Malcolm was beginning to irritate both Wayne and Adam.
“I must admit, we didn’t kill ourselves with work, did we?”
Wayne remembered hours spent gazing out of the windows. Hopeless guesses at diarrhoea and benefited in spelling tests. Trying, unsuccessfully, to solve the mysteries of Pythagoras, square roots and algebra.
“And how did Mr Brainbox himself do in the end?”
Adam’s vexed question barely disguised his growing animosity.
“I must admit, I didn’t do too bad.” If Malcolm was affecting modesty, he failed miserably.
He well knew his academic prowess had been the envy of many.
No joining in dubious boyish pastimes for Malcolm. No smoking behind the bike sheds or stealing beer from around the back of the Co-op. No joining the other boys in the toilets to see who could pee highest or spit furthest!
Malcolm wasn’t nicknamed Brains after the character in Thunderbirds for nothing! He needed no second invitation to champion his academic successes.
“Ten ‘O’ levels, grade ‘A’; five ‘A’ levels, grade ‘A’ at Wilmington College. Went to Oxford, Got a First Class Honours Degree.
‘Oh this learning, what a thing it is,’ Shakespeare, Taming of the Shrew.”
Malcolm, predicable to the end, demonstrated his literary knowledge.
Adam noticeably stiffened with annoyance at Malcolm’s unapologetic demonstration of his academic superiority.
“I wonder where some of the others are now?” Marjory tried to deflect attention away from Malcolm.
“Do you remember Wee Davey, frightened even of even his own shadow? He joined the Army and won a medal for bravery. Alan Sowter drives buses, Simon Hodson went to Australia and Sandra Mee, who always loved children, now has eight of her own.”
Tracey’s concern for others was evident in her knowledge of the whereabouts of her classmates in 5G.
“Plus David Gregory, Sally Gunn, Tommy Roe and Ruth Thomas, where are they now, I wonder?”

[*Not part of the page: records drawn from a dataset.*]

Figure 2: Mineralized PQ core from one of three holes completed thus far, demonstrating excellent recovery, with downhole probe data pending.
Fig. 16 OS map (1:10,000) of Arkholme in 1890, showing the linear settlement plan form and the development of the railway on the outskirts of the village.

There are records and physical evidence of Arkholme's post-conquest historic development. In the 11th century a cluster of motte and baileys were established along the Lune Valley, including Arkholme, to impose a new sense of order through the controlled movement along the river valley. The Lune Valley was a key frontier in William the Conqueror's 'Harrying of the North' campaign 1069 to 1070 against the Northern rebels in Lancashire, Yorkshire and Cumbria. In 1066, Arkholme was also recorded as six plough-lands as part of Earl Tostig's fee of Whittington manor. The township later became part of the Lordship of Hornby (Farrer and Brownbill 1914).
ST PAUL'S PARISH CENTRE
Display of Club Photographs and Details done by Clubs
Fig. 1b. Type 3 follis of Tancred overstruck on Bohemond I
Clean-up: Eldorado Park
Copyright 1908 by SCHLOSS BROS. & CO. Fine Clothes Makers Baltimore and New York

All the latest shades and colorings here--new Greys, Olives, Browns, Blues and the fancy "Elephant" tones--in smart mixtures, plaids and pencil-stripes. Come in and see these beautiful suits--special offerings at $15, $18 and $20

“And George Platt, Gorgeous George we used to call him. He used to hang out more with you girls than us boys.” Who could forget George? Adam shook his head at the memory.

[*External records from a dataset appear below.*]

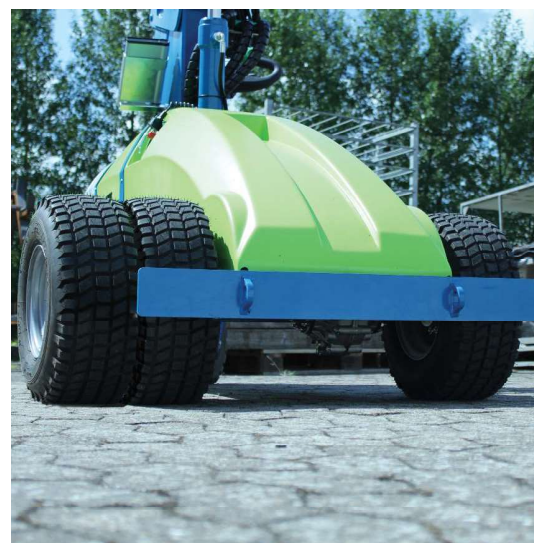
Above: Optional dual wheels and stabilizer legs for enhanced stability.
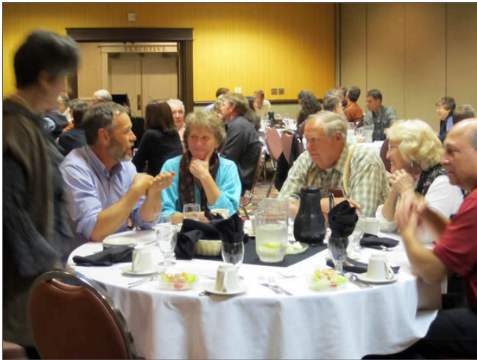
Banquet goes anxiously await the evening's entertainment!

The early part of the afternoon was broken into two concurrent technical sessions, one on Stream Restoration and Assessment and one relating to Groundwater issues. After a short break, folks chose from talks relating to either Aquatic Ecosystems or Water Policy and Use.
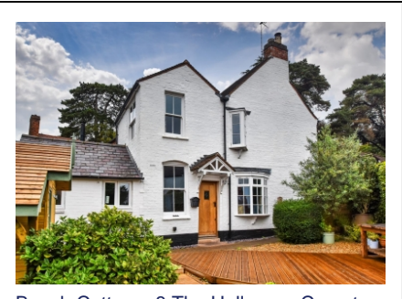
Beech Cottage, 8 The Holloway, Compton
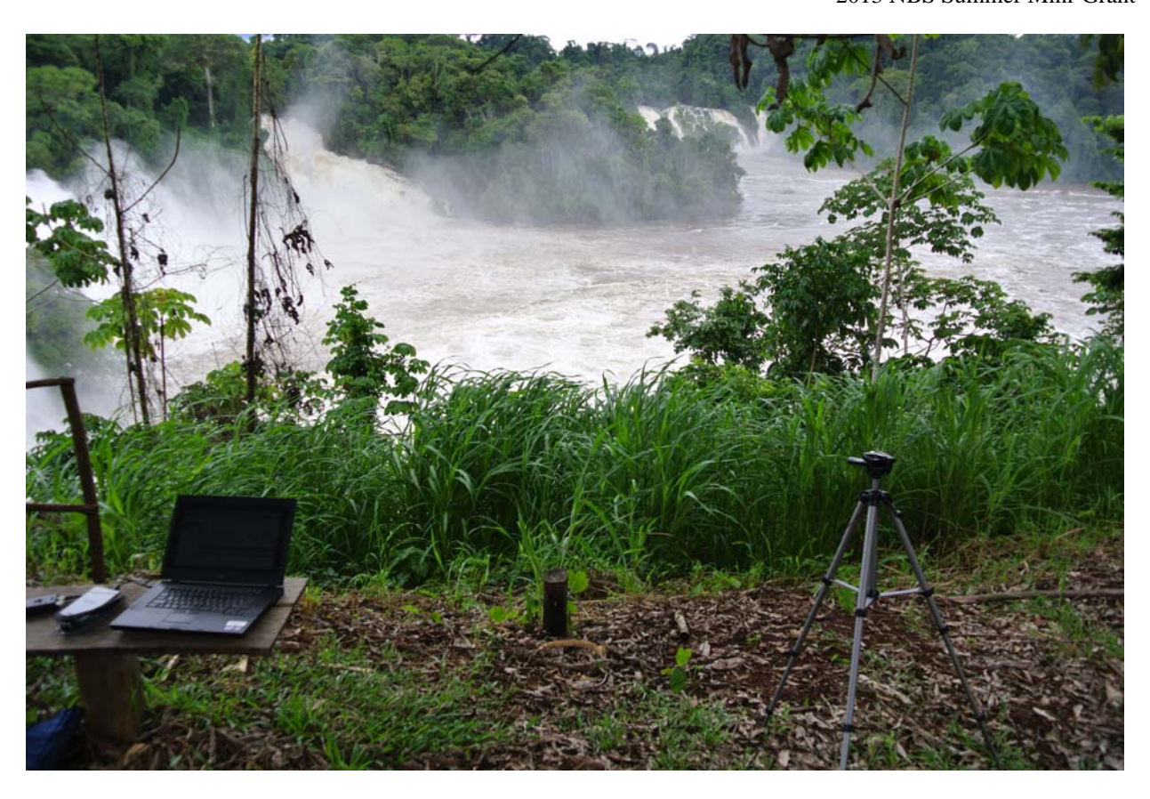
Fig. 3. Audio measurements at the edge of Las Pavas Falls. The waterfall is broad (700 m), so only a portion of the total falls comprising the drop in the Rio Caura are visible.

The room fell silent. All remembered a year that shaped the next thirty.
“I must be going.” Wayne broke the silence. “I’ve things to do but I will remember you all. Good night and God be with you.”
The Reverend Wayne Scott shook hands with everyone, adjusted his dog collar and stepped into the night.
The room again lapsed into silence.
“I must be going too, I’m on duty at ten o’clock.” Police Inspector Adam Tate smiled apologetically and moved towards the door.
“And me also, may I walk part of the way with you?” Tracey joined Adam by the door.
“Thank you all for a delightful evening.” Sister Tracey of the Dominican Order Of Nuns smoothed down her habit, adjusted her wimple and opened the door. Almost as an after thought, she stopped in the doorway.
“By the way, I still have the butterfly tattoo. Goodbye and may the Lord keep you safe.”
The room lapsed into silence for a third time.
Marjory, Staff Nurse Marjory of Kingsmead Hospital looked uneasily at her watch.
A knock at the door broke the silence. Two men in white coats entered, smiled, and beckoned to Malcolm.
Patient 1057, Kingsmead Hospital, formally known as The Derbyshire Asylum for the Criminally Insane meekly followed the two orderlies down the stairs to the subtle, anonymous looking white vehicle parked by the library entrance. Nurse Marjory followed at a discreet distance, pausing only to hold the door for the tall, attractive, willowy brunette who entered as the Kingsmead contingent left.
The newcomer hurried up the stairs, the sound of her high heels echoing in the almost deserted building. She glanced in the empty common room and continued down the corridor to the dimly lit reception area.
“I’m sorry I’m so late, please forgive me. I’d like to pay for the use of the common room, as agreed. My names Georgina, Georgina Platt.”

1 comment:

John Simpson said...

Well done Ken. I've done the reunion bit and found that very few people brag about how well they have done. In fact we usually have a good laugh keeping mainly to memories of school - much like you tell in your recollections of events at 'The Reunion'. Besides, at our age most of us are now retired or wanting to retire - it's all a bit of a leveler.